### Entries taken from a collection
────────
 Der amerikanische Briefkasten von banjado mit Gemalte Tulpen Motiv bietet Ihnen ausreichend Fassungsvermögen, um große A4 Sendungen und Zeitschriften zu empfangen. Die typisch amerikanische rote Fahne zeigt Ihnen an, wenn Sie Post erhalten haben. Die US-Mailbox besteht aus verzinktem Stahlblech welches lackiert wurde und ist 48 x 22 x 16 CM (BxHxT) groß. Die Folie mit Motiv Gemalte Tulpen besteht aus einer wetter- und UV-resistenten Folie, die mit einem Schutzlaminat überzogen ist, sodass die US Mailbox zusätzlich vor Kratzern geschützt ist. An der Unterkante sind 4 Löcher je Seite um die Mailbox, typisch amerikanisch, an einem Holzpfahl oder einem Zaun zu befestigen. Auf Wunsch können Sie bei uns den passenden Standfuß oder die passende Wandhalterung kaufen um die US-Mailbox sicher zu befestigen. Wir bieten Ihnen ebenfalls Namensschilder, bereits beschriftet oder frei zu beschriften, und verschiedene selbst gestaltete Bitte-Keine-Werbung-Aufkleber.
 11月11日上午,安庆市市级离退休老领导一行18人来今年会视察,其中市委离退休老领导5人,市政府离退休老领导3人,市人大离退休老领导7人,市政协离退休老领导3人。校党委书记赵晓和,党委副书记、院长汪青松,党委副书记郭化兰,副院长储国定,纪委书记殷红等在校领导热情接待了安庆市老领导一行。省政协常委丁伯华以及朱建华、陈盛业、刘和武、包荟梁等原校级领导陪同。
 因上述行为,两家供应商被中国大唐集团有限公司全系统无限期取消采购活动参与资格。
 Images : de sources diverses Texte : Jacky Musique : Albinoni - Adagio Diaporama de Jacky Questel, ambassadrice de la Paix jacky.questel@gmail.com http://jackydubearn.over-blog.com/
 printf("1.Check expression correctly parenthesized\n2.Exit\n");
────────
### WHAT IS BEING ASKED
This exercise calls for the lines from the one holding "11月11日上午,安庆市市级" through the end of the entries, transcribed exactly and with nothing more.

### COMPLETED EXERCISE
 11月11日上午,安庆市市级离退休老领导一行18人来今年会视察,其中市委离退休老领导5人,市政府离退休老领导3人,市人大离退休老领导7人,市政协离退休老领导3人。校党委书记赵晓和,党委副书记、院长汪青松,党委副书记郭化兰,副院长储国定,纪委书记殷红等在校领导热情接待了安庆市老领导一行。省政协常委丁伯华以及朱建华、陈盛业、刘和武、包荟梁等原校级领导陪同。
 因上述行为,两家供应商被中国大唐集团有限公司全系统无限期取消采购活动参与资格。
 Images : de sources diverses Texte : Jacky Musique : Albinoni - Adagio Diaporama de Jacky Questel, ambassadrice de la Paix jacky.questel@gmail.com http://jackydubearn.over-blog.com/
 printf("1.Check expression correctly parenthesized\n2.Exit\n");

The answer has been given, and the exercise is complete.